Теперь уже неистовый поэт опешил. Остановил свой бег по комнате, пожевал губами, стряхнул с папироски пепел себе за левое плечо и проговорил уже вполне по-человечески:
– Дамы не в счёт. У меня в семнадцатом году был знакомый священник, отец Бруни, я его воспринимал некоторым образом как даму, так вот он едва ли руки мыл: ему их должна была обеззараживать святость. Я надеюсь, что эта поездка будет полезна для Анны Андреевны: она вот уже несколько лет, после Октябрьского переворота, в хаос, замкнулась в семейном кругу, ничего из стихов не издаёт и даже, похоже, не пишет.
Что такое? Ведь весной вышел её «Подорожник»… Однако Гривнич, решив не противоречить гениальному буяну, заметил кротко:
– Я очень надеюсь уговорить Анну Андреевну съездить в Новгород Великий, Осип Эмильевич.
– Да, вот ещё – почему именно в Новгород, в этот пустой и мёртвый город? – снова завёлся Мандельштам. – Если вам так уж нужна София, то почему тогда не Киевская? И разве я, иудей по рождению, иудейство отвергнувший – точно так же, как и православие, не испорчу вам вашей обедни?

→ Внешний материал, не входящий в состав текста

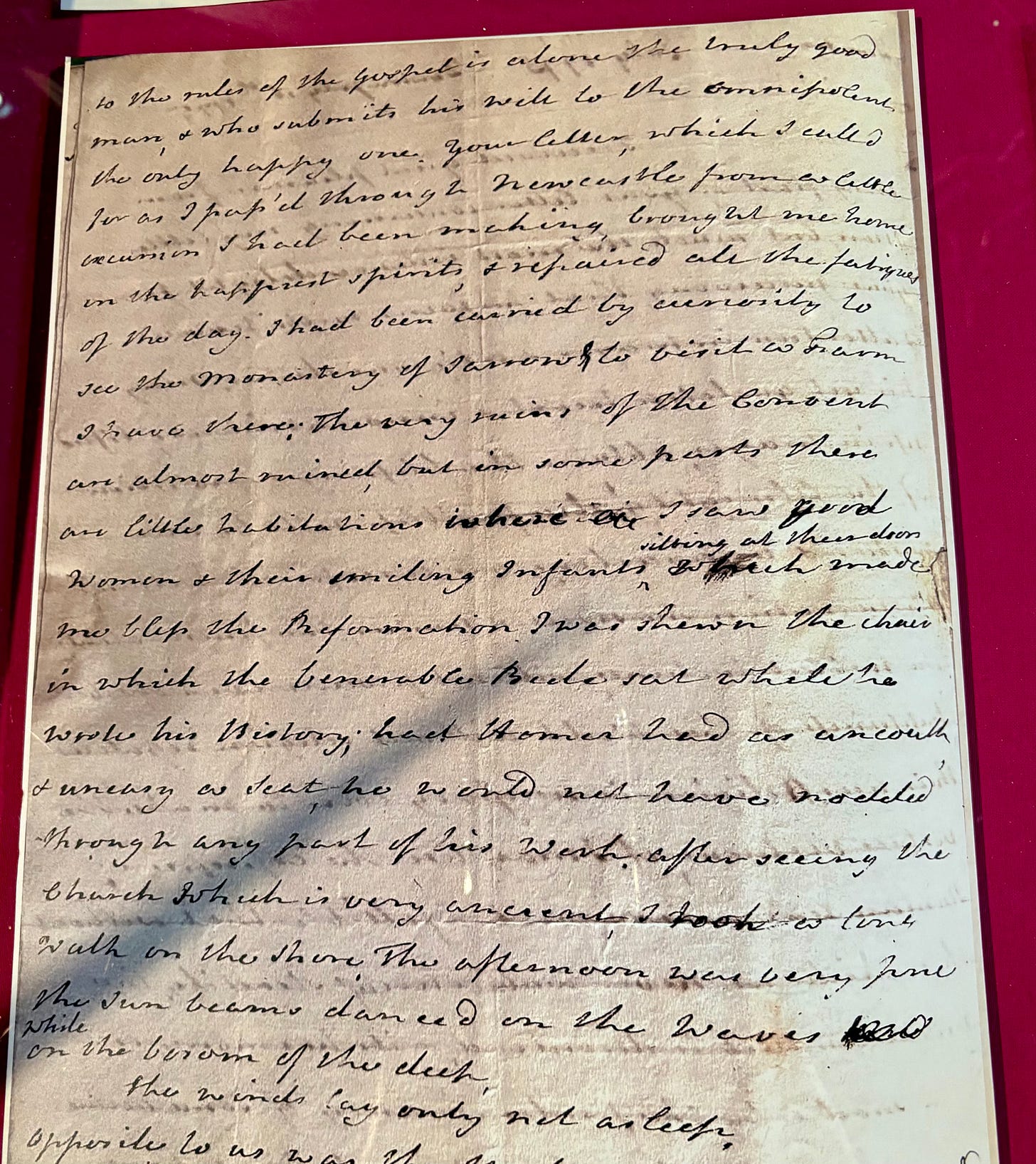 ... I had been carried by curiosity to see the Monastery of Jarrow & to visit a Farm I have there. The very ruins of the Convent are almost ruined, but in some parts, there are little habitations wherein I saw good women & their smiling infants sitting at their doors which made me bless the Reformation. I was shewn the chair in which the venerable Bede sat while he wrote his History; had Homer had as uncouth & uneasy a seat, he would not have nodded through any part of his work....

– Ваше участие обязательно. Осип Эмильевич, – попытался успокоить его Гривнич. Достал из портфеля уже приготовленный и тщательно, с завитушками и ятями надписанный конверт. – Вот, кстати, суточные, проездные и прочие, сумма вполне достаточна. А Киевская София перестроена была в стиле украинского барокко, есть также София Полоцкая, но ту теперь вообще от костёла не отличишь.
– Где я должен расписаться? – деловито осведомился Мандельштам, доставая из кармана огрызок карандаша.

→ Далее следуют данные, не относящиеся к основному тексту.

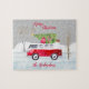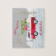 Red Truck Frohe Weihnachten Graue Puzzle. Personalisieren Sie das, indem Sie Ihren Familiennamen hinzufügen und den Frohen Weihnachtsbegriff ändern. Verfügbare Matching-Elemente.
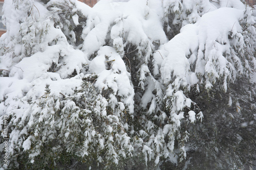 Covered trees in a snowy landscape
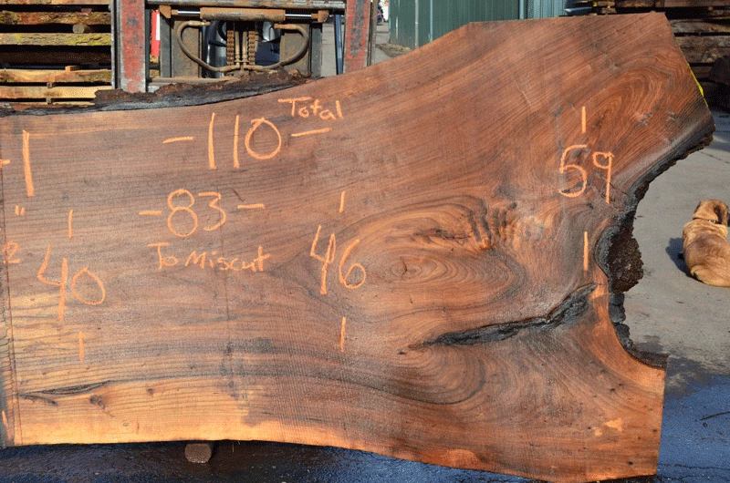 Miscut, Bark inclusions along bottom, Cracked knots right, Light figure right

Гривнич попытался было объяснить ему, что расписываться не нужно, потому что он, Гривнич, как секретарь и кассир лично отвечает перед Юбилейным комитетом за расходование денег, однако напрасно понадеялся он этим порадовать нервного поэта. Тот бросил конверт на пол и снова помчался по комнате, выкрикивая:
– Дело нечисто! Признавайтесь, чьи деньги? Нансена, Кутепова? Из Берлина? Из Варшавы?
По-видимому, чистосердечное изумление, написанное на лице посетителя, пристыдило Мандельштама, потому что он фыркнул и начал с другого конца, по модели, как с горьким чувством догадался Валерий, отповеди начинающему:
– Я помню ваши стихи, Валерий Осипович… Стихи как стихи… Продолжаете ли вы это занятие? Прогрессируете ли в нём? Знаете, когда я забирал тираж своего «Камня» из типографии, старый еврей, её хозяин успокоил меня: «Молодой человек, вы ещё будете писать всё лучше и лучше».
– Слишком лестно для моих каракулей и одно упоминание рядом со стихами вашего «Камня», – растрогался действительно польщённый Гривнич. – Я же, если и пописываю теперь, то для себя только. Теперь модно говорить: «в стол». Я как услышу, так и представляю себе: обыск, и жандарм (неважно, в какой форме) заглядывает ко мне в стол – чего я там написал. За свой счёт издаваться нет средств, а что сейчас печатается… Не мне вам напоминать.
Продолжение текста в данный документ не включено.